$p$ is prime. Show that $\mathbb Z/p\mathbb Z$ is a field

Question

Let $p$ ∈ $\mathbb N$ be a prime number. Show that $\mathbb Z/p\mathbb Z$ contains no zero-divisors except $0$, hence ($\mathbb Z/p\mathbb Z$)$^∗$ = {$1, 2, . . . , p − 1$}, and $\mathbb Z/p\mathbb Z$ is a field. Where ($\mathbb Z/p\mathbb Z$)$^∗$ is the set of units.

My attempt:

Suppose $ab=0$ for $b\ne 0$. Then $ab\equiv 0\mod p$ and so $p$ divides the product $ab$. Since $p$ is a prime, it follows that $p$ divides a factor. So $p\mid a$ or $p\mid b$. But $b\ne 0$ and so $p\mid a$, i.e., $a\equiv 0\mod p$, i.e., $a=0$ in ${\Bbb Z}_p$.

Now, for the "hence ($\mathbb Z/p\mathbb Z$)$^∗$ = {$1, 2, . . . , p − 1$}" part, I know that $\mathbb Z/p \mathbb Z$ = {$0,1,2,...,p-1$} and I already proved in a previous part of this problem that an element in a ring is either a zero-divisor or a unit. And thus, since $0$ is the zero-divisor, then all the other elements of $\mathbb Z/p \mathbb Z$ are units, therefore ($\mathbb Z/p\mathbb Z$)$^∗$ = {$1, 2, . . . , p − 1$}. Is this correct?

For the "$\mathbb Z/p\mathbb Z$ is field" part, I know that a field is a commutative ring, so all I have to do here is to show that $\mathbb Z/p\mathbb Z$ is commutative? And if so, how can I do that?

Answer 1

''Now, for the "hence (Z/pZ)∗ = {1,2,...,p−1}" part, I know that Z/pZ = {0,1,2,...,p−1} and I already proved in a previous part of this problem that an element in a ring is either a zero-divisor or a unit. And thus, since 0 is the zero-divisor, then all the other elements of Z/pZ are units, therefore (Z/pZ)∗ = {1,2,...,p−1}. Is this correct?''

In the previous part you proved that the ring contains no zero divisors. By definition, zero is not a zero divisor.

But this does not imply that the ring is a field, i.e., all nonzero divisors are units. For instance, the ring of integers contains no zero divisors, but only $\pm 1$ are units.

To show that ${\Bbb Z}_p$ is a field, it is clear from the construction that it is a commutative quotient ring with elements $0,1,\ldots,p-1$.

Take a nonzero element $a$. Then $\gcd(a,p)=1$ and so by Bezout's theorem,

$ra+sp=1$

for some integers $r,s$. Thus $ra\equiv 1\mod p$, i.e., $ra=1$ in ${\Bbb Z}_p$. Thus $a$ is invertible with inverse $a^{-1}=r$.

Answer 2

Note that not all commutative rings are fields; a field is a commutative division ring, which means that there are no zero divisors (as shown in the first part).
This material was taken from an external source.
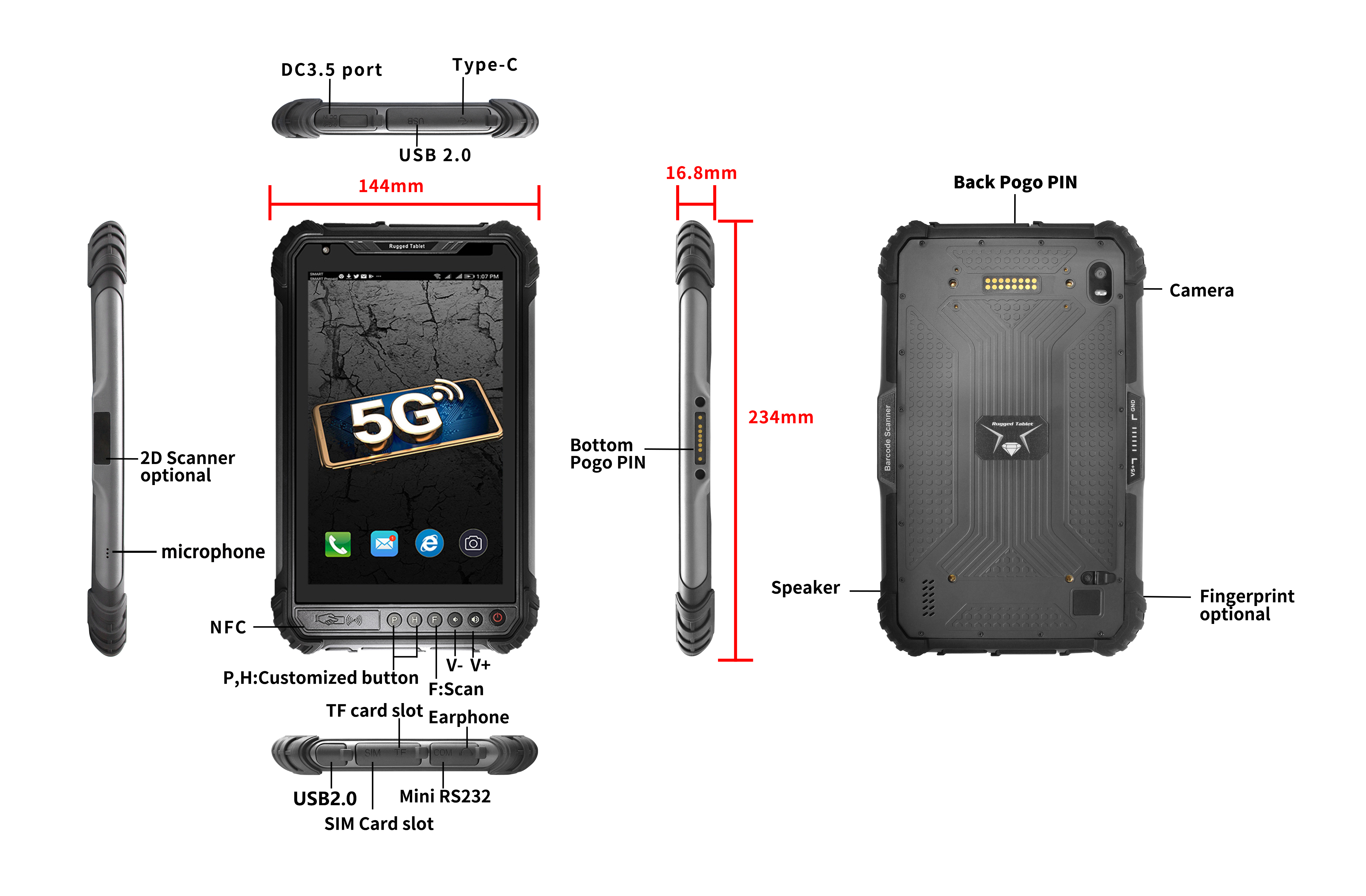 Type-C ×1 (OTG), Slot de Cartão SIM×1, Slot de Cartão TF×1, Fone de Ouvido×1, DC×1 (3,5×15 mm), USB 2.0 ×2, RS232×1 (mini-USB) Pogopin inferior: USB 2.0; Carregamento; RS232 Pogopin traseiro: USB 2.0; RS232 |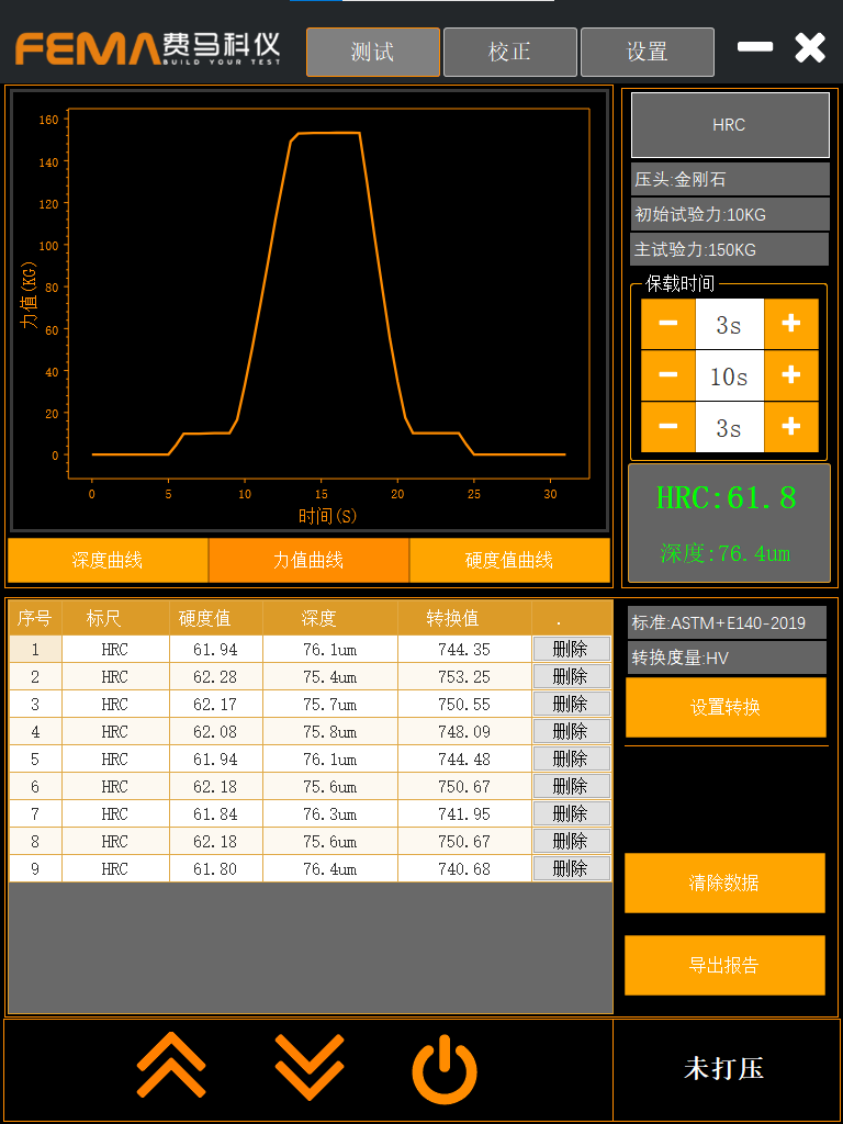 本系统采用上位机软件作为核心交互平台,相较于传统数显屏,实现了质的飞跃。它不仅提供更直观、友好的压痕测试控制体验,更能实时监控并记录整个打压过程中的力值与压深变化曲线。此外,软件还集成了测量数据的自动记录、硬度值计算与转换、以及一键生成专业报告等一站式功能,极大提升了测试的智能化水平和数据管理效率。

So the division ring part is done and we are left with commutativity. Now, $\mathbb Z/p\mathbb Z$ is constructed as the integers modulo $p$, so the fact that it is commutative follows simply fro the fact that $\mathbb Z$ is commutative.

Answer 3

You could prove that $\mathbb Z /p\mathbb Z$ is commutative with a direct proof. However it’s interesting to understand this more general result: Quotient Ring of Commutative Ring is Commutative and to apply it to your special case noting that $\mathbb Z$ is a commutative ring.

It is true that units are non zero divisors here as we’re considering a finite ring. This is not true in general.

Answer 4

This answer only deals with commutativity.

For $n,m\in\mathbb Z$ on base of commutativity of multiplication in $\mathbb Z$ we find by applying definition of multiplication in $\mathbb Z/p\mathbb Z$: $$(n+p\mathbb Z)(m+p\mathbb Z):=nm+p\mathbb Z=mn+p\mathbb Z=(m+p\mathbb Z)(n+p\mathbb Z)$$

Answer 5

p is prime implies $p\mathbb{Z}$ is maximal ideal (as well as prime) of $\mathbb{Z} $ Then quotient ring is a field.